We cannot rely on `price` alone to compare neighborhoods. A 5 Billion IDR house might be "cheap" if it is huge, or "expensive" if it is tiny. 

We will create **Price per Square Meter (Land)** (`price_per_m2`). This is the standard metric for real estate value.

In [None]:
import pandas as pd
import seaborn as sns
import matplotlib.pyplot as plt
import numpy as np
import os

In [None]:
# --- 1. Load the Cleaned Data ---
# Pointing to the 'processed' directory
data_dir = r"..\data\processed"
filename = "df_platform_a_bandung_cleaned.csv"
full_path = os.path.join(data_dir, filename)

try:
    print(f"Loading data from: {full_path}...")
    df_platform_a = pd.read_csv(full_path)
    print(f"✅ Data Loaded Successfully. Total Listings: {len(df_platform_a)}")
except FileNotFoundError:
    print(f"❌ Error: Could not find the file. Please check the path or run Notebook 05.")

# --- 2. Feature Engineering: Create 'Price per m2' ---
# We use Land Size because in Indonesia, land value is the primary driver.
df_platform_a['price_per_m2'] = df_platform_a['price'] / df_platform_a['land_size_sqm']

# Helper: Create a "Juta per m2" column for easier reading/plotting
df_platform_a['price_per_m2_juta'] = df_platform_a['price_per_m2'] / 1_000_000

# --- 3. Inspect the New Feature ---
print("\n--- Price per Square Meter Summary (in Juta IDR) ---")
print(df_platform_a['price_per_m2_juta'].describe())

# --- 4. Visualize the Distribution ---
plt.figure(figsize=(12, 6))
sns.histplot(df_platform_a['price_per_m2_juta'], bins=100, kde=True, color='teal')
plt.title('Distribution of Land Price (Juta per m²)', fontsize=16)
plt.xlabel('Price per Meter (Millions IDR)', fontsize=12)
plt.ylabel('Frequency', fontsize=12)
plt.xlim(0, 50) 
plt.grid(axis='y', alpha=0.3)
plt.show()

**Mean vs. Median**  
- Mean = 15.5  
- Median = 13.9  
The mean is very close to the median, showing the data is not heavily skewed.  
It approximates a normal distribution (bell curve), which is ideal for machine learning models.  

---

**The Standard Market**  
- 25% Quartile = 9.8 Juta/m²  
- 75% Quartile = 19.4 Juta/m²  
This range defines what a "normal" price looks like.  

50% of all houses in Bandung are priced between **9.8 Juta** and **19.4 Juta per m²**.
---

**The Maximum**  
- Max = 152 Juta/m²  
This is high, but realistic for a prime location in Dago or a commercial area.  
It is not an error like the 950 Billion outlier was.  


## Important Notes

Price / Land ignores the value of the building.
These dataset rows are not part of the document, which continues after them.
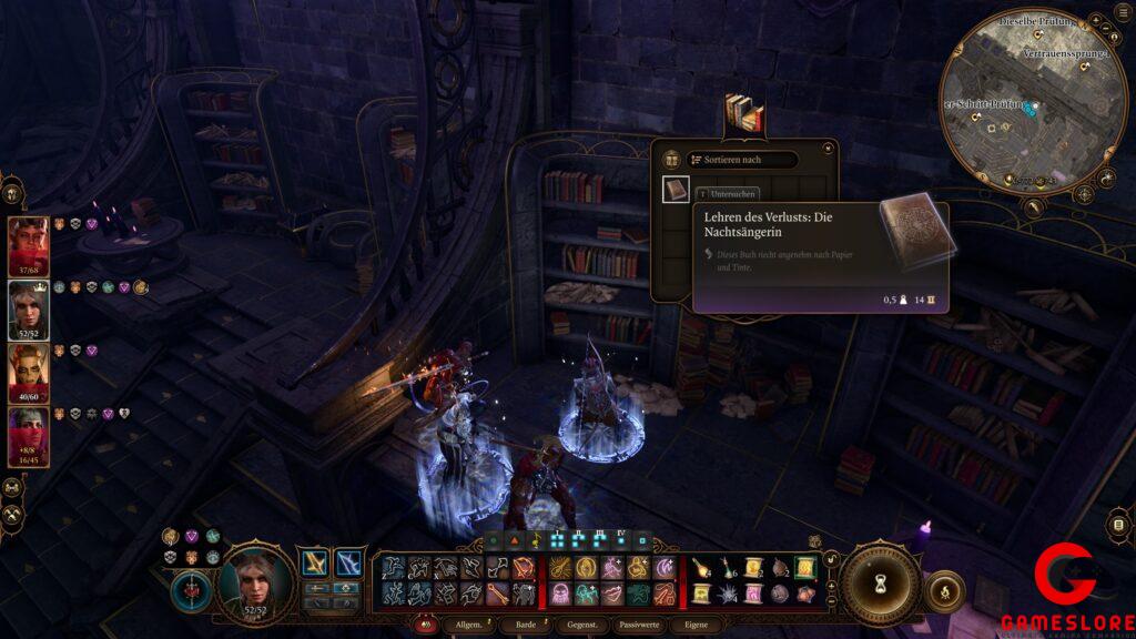 Solltet ihr Gale nicht in die Luft jagen, geht es direkt weiter mit ihm. Er möchte in Akt 3 in den Zaubererladen zu Tolna Foliantenhöker. Es gibt Bücher, die Wissen über die Hauptquest beinhaltet, allerdings sind diese gut verstaut. Ihr benötigt ihren Schlüssel aus ihrem Büro, das man am besten mit einem Unsichtbarkeitstrank hinbekommt.
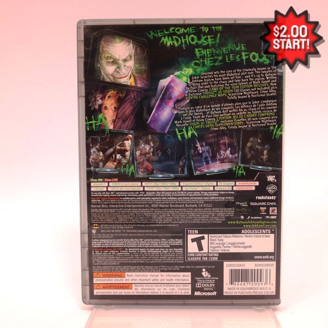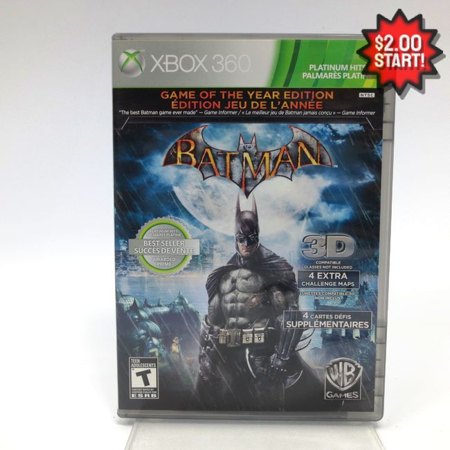 Current Bid: $2.00 [Refresh Price]YOU WILL NEED TO REFRESH THIS PAGE TO SEE UPDATED BID (Log in and this will update automatically) You must LOG IN or REGISTER to see this full page auction listing and bid. Auction is Over Winning Bid Amount: $2.00 **Lot Details: (LOT: Z665) - BATMAN XBOX 360 Log in to add this lot to your watch list or place a bid |
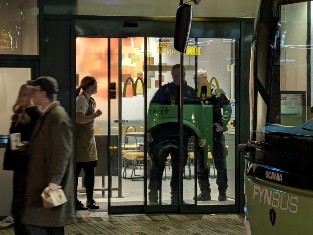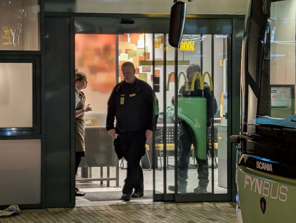 Politiet er talstærkt til stede ved denne McDonalds – se flere billeder nederst i artiklen.

A luxury mansion on 100m² costs more than a tear-down shack on 100m². Our current metric assumes the price is driven entirely by land, which is an oversimplification.
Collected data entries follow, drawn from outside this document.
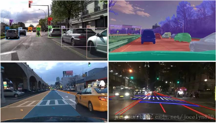 我们能否在某条路上驾驶取决于车道线、交通设备,以及与道路上其他对象的复杂互动。总之,理解哪块区域适合驾驶非常重要。为研究该问题,BAIR提供可驾驶区域的分割注释,如下图所示。
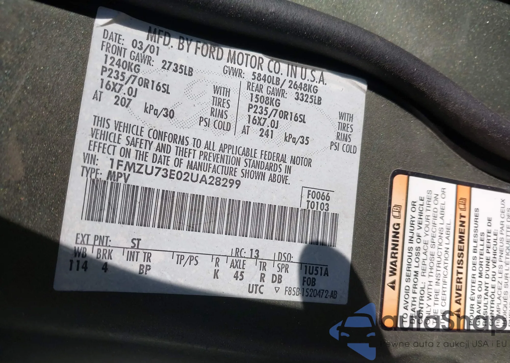 • VIN 1FMZU73E02UA28299
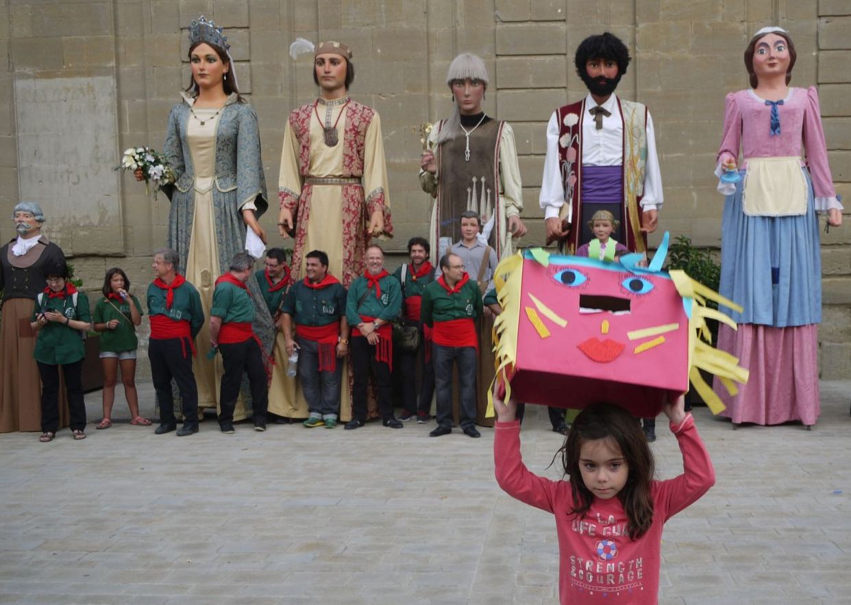 Els capgrossos surten a ballar davant la mirada atenta dels Gegants i Gegantons.
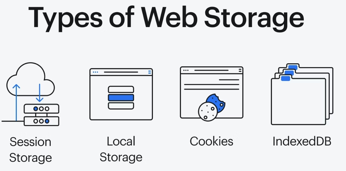 - 쿠키: 만료 기간이 있는 Key, Value 형태의 저장소로, 사용자의 설정이나 로그인 정보를 저장하는 데 사용된다. 각 HTTP 요청 시 서버에 함께 전송되며, 용량은 약 4KB로 제한적이다. 보안 문제를 고려하여, 최신 브라우저는 쿠키의 도난 위험을 줄이기 위한 다양한 보안 정책을 적용하고 있다.
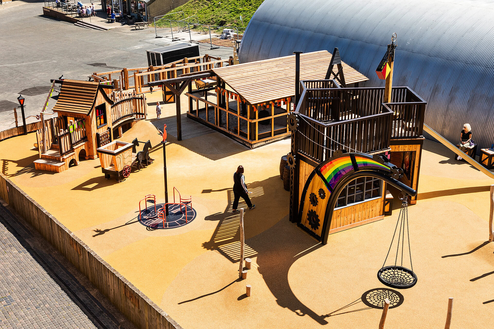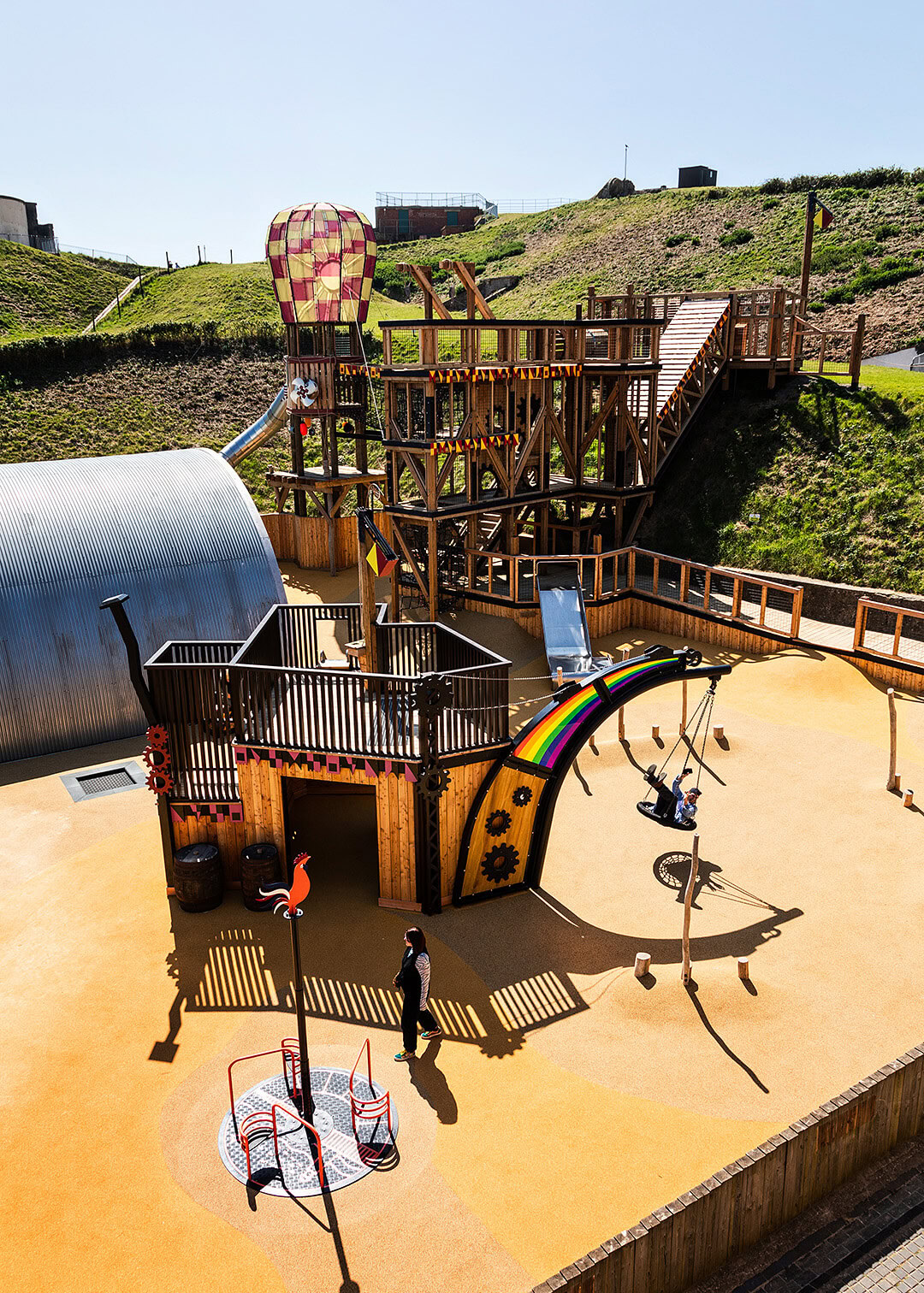 The finished playground features an array of attractions, including a whimsical dirigible floating above the play space, a shingle hoist climbing frame, a huge steel slide, toms of ground and toddler play and a cradle swing.
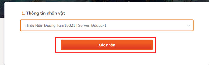Bước 3: Chọn và xác nhận nhân vật/máy chủ đang chơi game (nếu đăng nhập bằng ID nhân vật có thể bỏ qua bước này).

# --- Section 2: Basic Descriptive Statistics ---

In [None]:
# 1. Correlation Matrix (The "Drivers" of Price)
print("--- Calculating Correlations ---")
# Select only numeric columns of interest
numeric_cols = ['price', 'land_size_sqm', 'building_size_sqm', 'bedrooms', 'bathrooms']
correlation = df_platform_a[numeric_cols].corr()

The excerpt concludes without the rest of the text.